(BMJ)—A 15-year-old boy had painful, itchy nodules on his legs and hands. The nodules progressed to ulcers over 1mo. PMHx: juvenile idiopathic arthritis, hypothyroidism, hyperphosphatemia. Meds: prednisolone, MTX, levothyroxine, sevelamer. Exam: indurated nodules with ulcers. Labs: elevated CRP, ESR, phosphorus (PO4). What’s the dx?
Ecthyma gangrenosum
Calciphylaxis
Sevelamer drug reaction
Mycobacterium leprae infection
Antiphospholipid syndrome
You are correct. Histopathology confirmed the dx of calciphylaxis, a rare and often fatal disease associated with progressive cutaneous ulceration. It’s characterized by skin arteriole calcification and thrombosis with subcutaneous inflammation.
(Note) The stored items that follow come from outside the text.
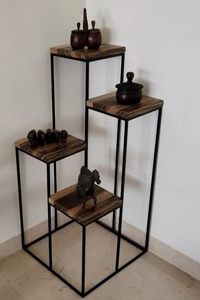 Support de Présentation Multiniveau en Bois et Métal Noir – Style Industriel
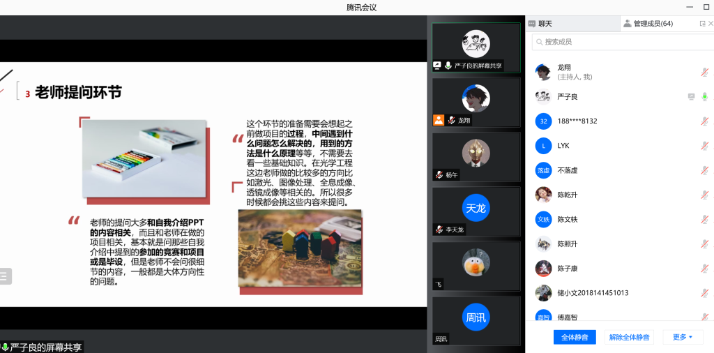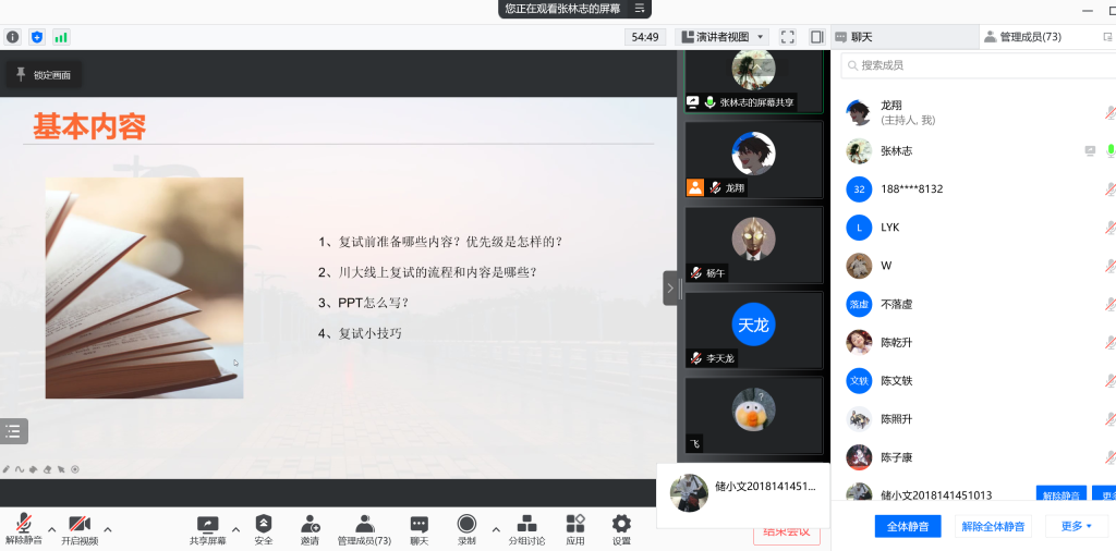 考研初试成绩出来后,不同情况的考生需要根据自己的分数情况尽快安排相关的事宜,为了让同学们能够有更多充足、有效的准备,bat365在线体育登录本科2018级于3月3日14:30举办了线上“考研复试经验交流会”。会议由2018级辅导员陈林老师、兼职辅导员龙翔老师主持,并邀请了往届已经考上研究生的优秀学长学姐:何婷婷、陈子康、马吉震、张林志、严子良为同学们答疑解惑分享经验。
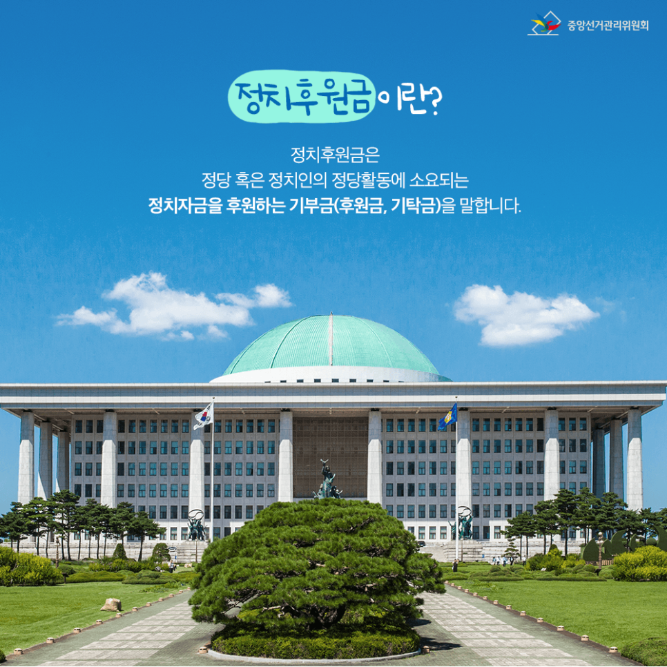 정치후원금은 정당 혹은 정치인의 정당활동에 소요되는 정치자금을 후원하는 기부금(후원금,기탁금)을 말합니다.
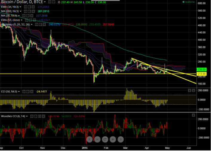 - BTC/USD is trading well above both short term resistance $237 (trend line joining $269.90 and $258.80) and also long term resistance $225 (trend line joining $299 and $257.48) and this confirms short term bullishness, a jump till $258 cannot be ruled out.
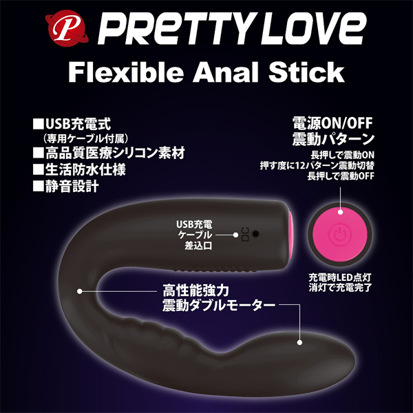 自在にグネグネと曲げられるスリムなボディのアナルバイブレーター。スムースな挿入で的確に前立腺を刺激します。●12パターン振動●高品質シリコン素材●生活防水●静音設計●専用USB充電コード付属、充電時間:60分、連続稼働時間:40分
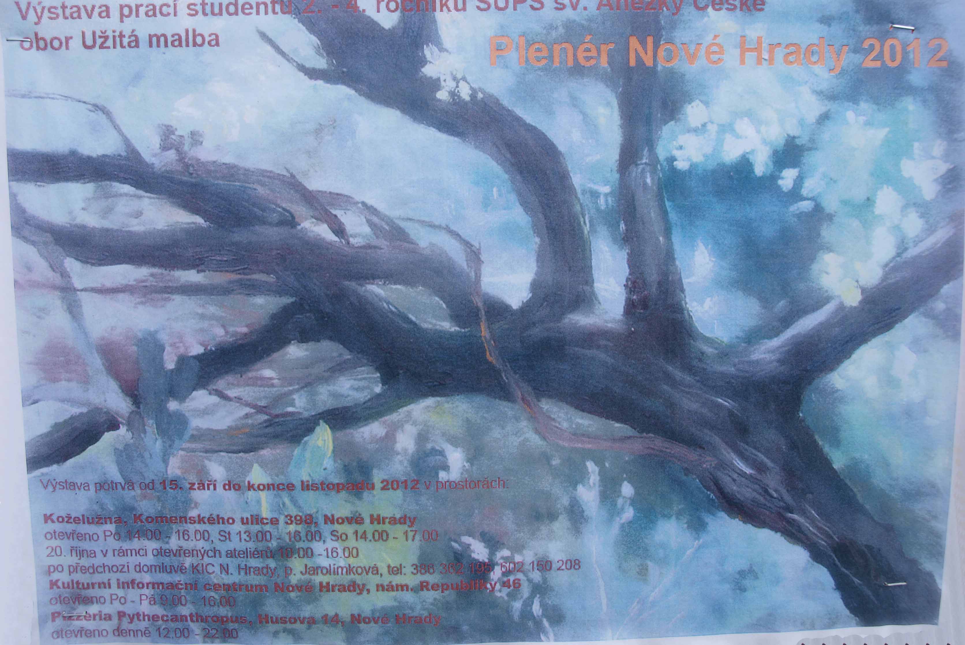 Výstavu uspořádali studenti SUPŠ sv. Anežky České v Českém Krumlově. Ti absolvovali v našem městě kurs malby a kresby v plenéru (plenér = krajina). Bohužel, většinu svých obrazů si odvezli s sebou, k vidění bylo několik krajinomaleb z našeho okolí – Terčino údolí, vodopád, vodojem. Výstava probíhá ve dvou budovách, v Koželužně jsou umístěny krajinomalby, na informačním centru kresby.
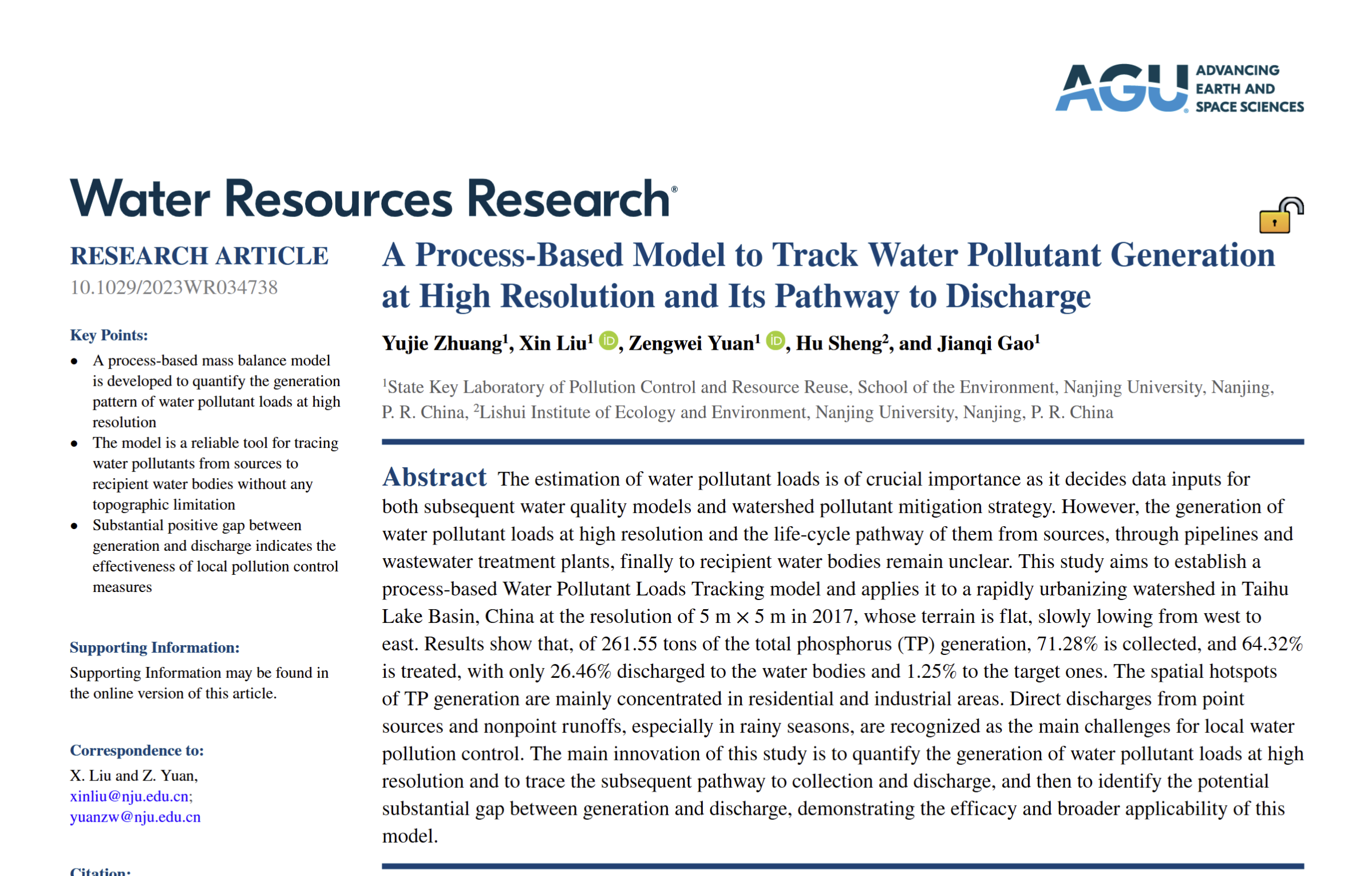 1. Zhuang Y., Liu X.*, Yuan Z.*, Sheng H., Gao J. A process-based model to track water pollutant generation at high resolution and its pathway to discharge. Water Resources Research, 59(12), e2023WR034738 (2023).
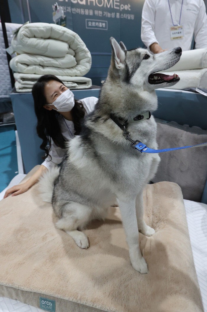 Industry fair on pet goods A pet dog sits on a mattress for dogs displayed at a pet goods fair at the SETEC exhibition hall in Seoul on Feb. 3, 2023. (Yonhap)(END)
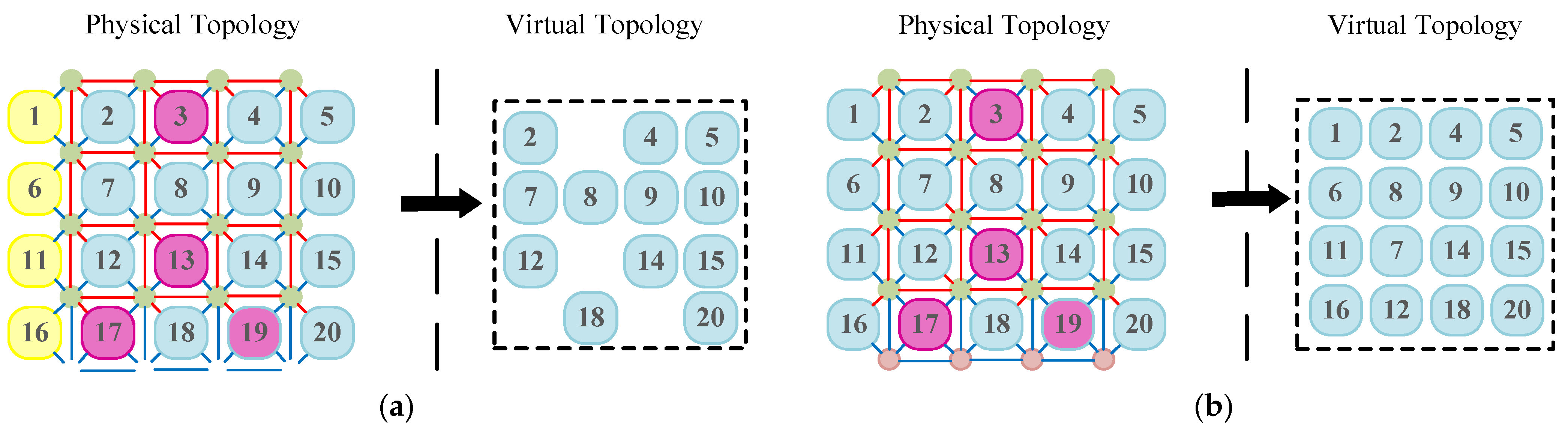 - The basic approach of the aforementioned methods still involves searching for feasible solutions within the global candidate mapping space. When selecting an adjacent healthy node to replace a failed node, this can easily trigger a chain reaction of healthy node replacements and result in the unnecessary consumption of redundant nodes;
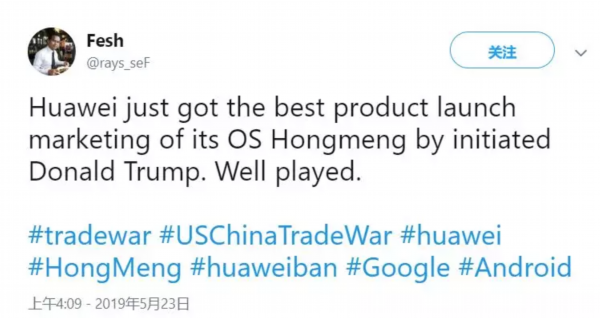 ▲“华为已get了发布鸿蒙系统的最佳产品营销——由特朗普为它带盐!干得漂亮!”
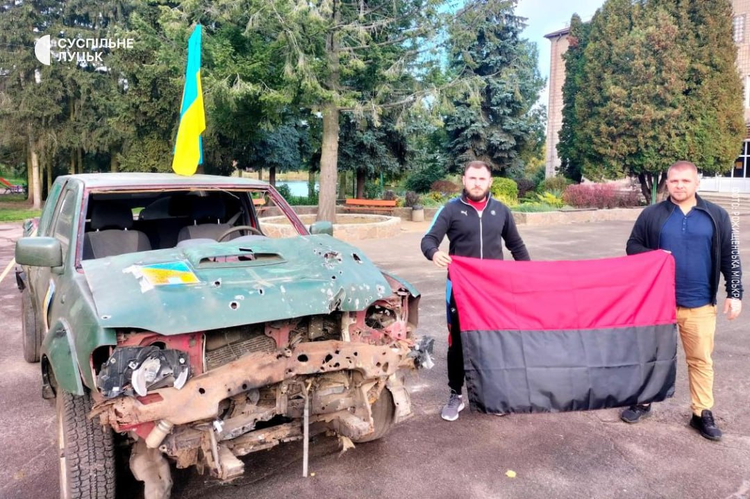 A car of fighters of the 14th separate mechanized brigade, which came under tank fire in Kupiansk, the Kharkiv Oblast, was installed on the central square of Rozhyshche. The car cannot be repaired, so the volunteers plan to raise money for a new vehicle.
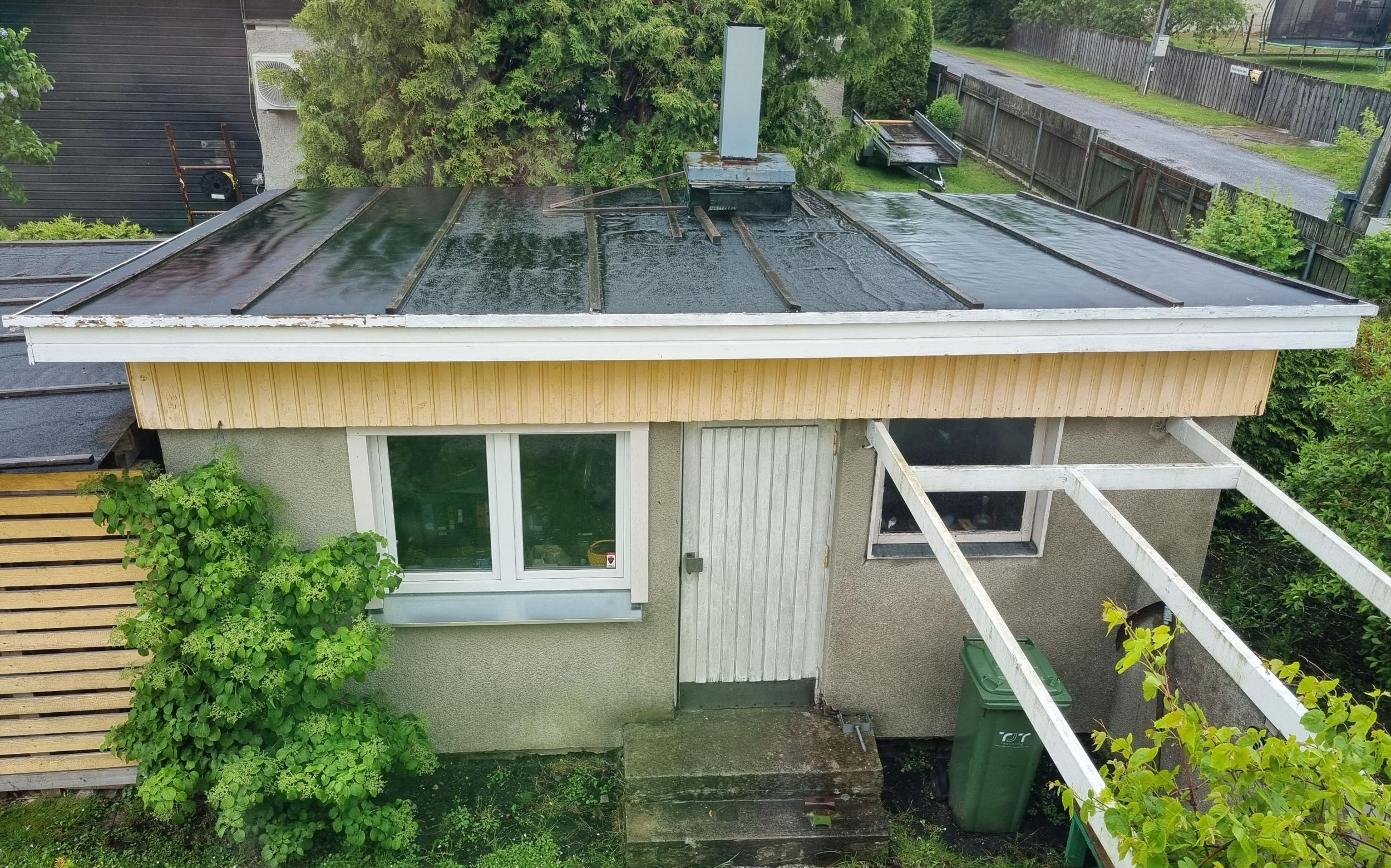 Korstna ümbruse remondile tuleks erilist tähelepanu pöörata (läbijooksud). Võibolla tuleb seal vahetada talad ja panna uus tihe laudis. Ülejäänud katus tundub olevat korras ja piisavalt tugev.
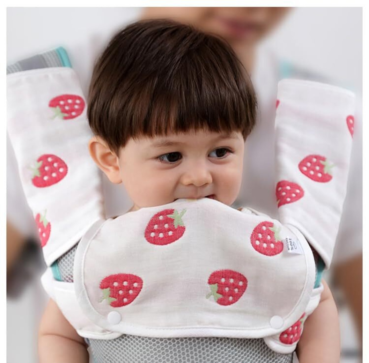 素材の安全性: 綿の6重ガーゼ素材は、肌に優しく、赤ちゃんのデリケートな肌を抱っこ紐や洋服からの摩擦から守り、敏感な肌の赤ちゃんにも適しています。さらに、無蛍光生地なので、子供が舐めても安心です。
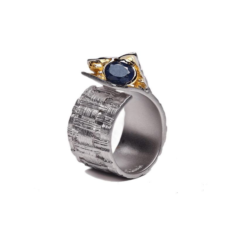 Lines of natural lattice etching caress the surface of this silver Accalia Ring plated with white rhodium. It speaks of ancient beauty with its central blue sapphire. The jewel is nestled within a setting of gold which makes it all the more striking. When
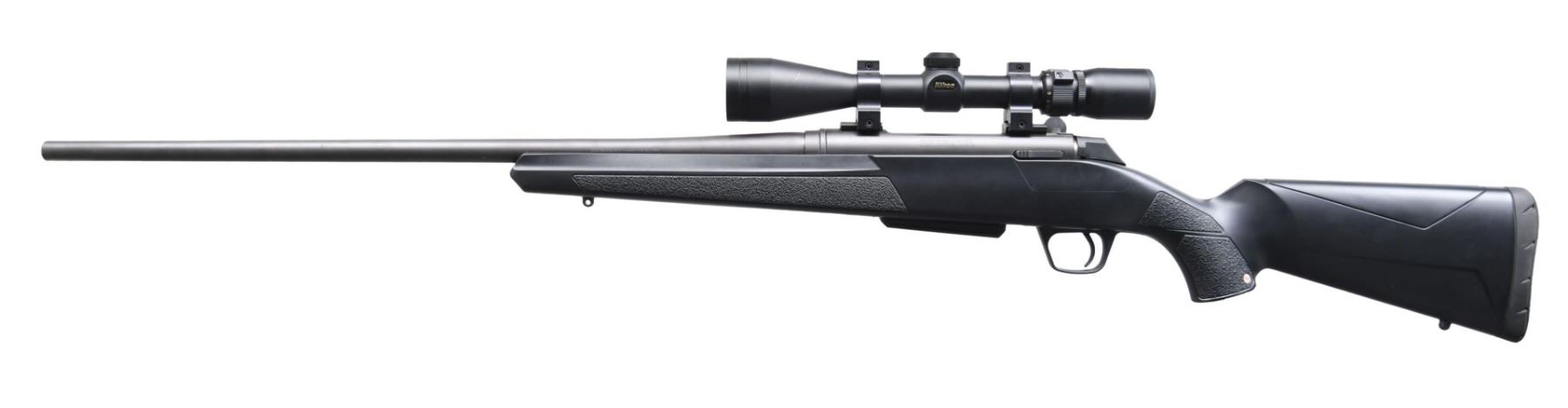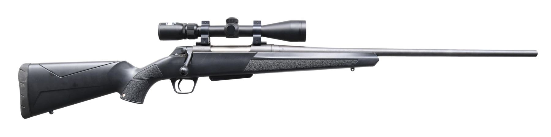 Cal. 270 Win. S# 357ZV14576. Bbl. 24". XPR bolt action rifle mfg. in Portugal by Browning Viana, imported by BACO, and retailed by Winchester. Left side of the bbl. is marked with the Winchester trademark logo, followed by the model and cal. designations, with BACO's importer and Browning Viana's mfg. information marked on the right. Left side of the receiver is marked with the Winchester trademark logo, with "XPR" and the S# marked on the right. Metal components exhibit a blue finish overall, save for on the bolt body, which is polished in-the-white. Textured black synthetic pistol grip stock. Receiver is mounted with a Nikon 3-9x40 scope. MAGS: one 3-rd. CONDITION: metal components retain the majority of their original blue finish, exhibiting some light surface oxidation overall. Muzzle exhibits some edge wear and a spot of moderate oxidation. Very bright bore, exhibiting some mild pitting towards the muzzle while retaining well-defined rifling throughout. Stock is very good, exhibiting some superficial marks from handling and storage. Scope retains a clear and sharp optic. (24-5960/MLW). MODERN. $350-550.
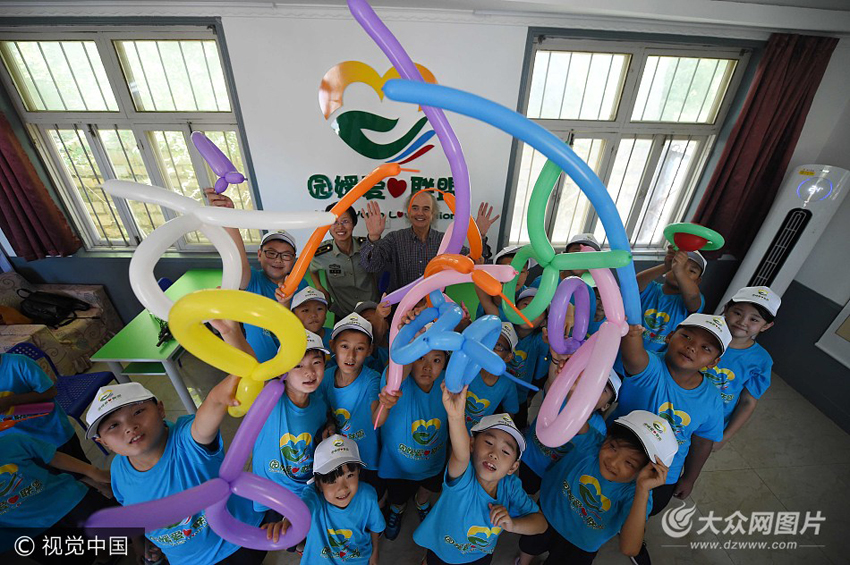 7月24日,煙臺,由煙臺公安邊防支隊為留守兒童舉辦的“園媛愛心聯盟軍事夏令營”活動在煙臺養馬島開訓。

Multiple factors contribute, such as disorders of calcium and PO4 metabolism and the probable deficiency of vascular calcification inhibitors such as fetuin-A. Although calciphylaxis predominantly occurs in patients with end-stage renal disease, it’s been reported in those without renal failure who have hyperphosphatemia, in those with RA (a probable comorbidity), and with prednisolone consumption (a possible risk factor, but the potential confounding by indication or other drugs should be considered).

This patient was treated by control of PO4 and calcium levels, with IV sodium thiosulfate 3x/wk. The skin ulcers and pain resolved gradually.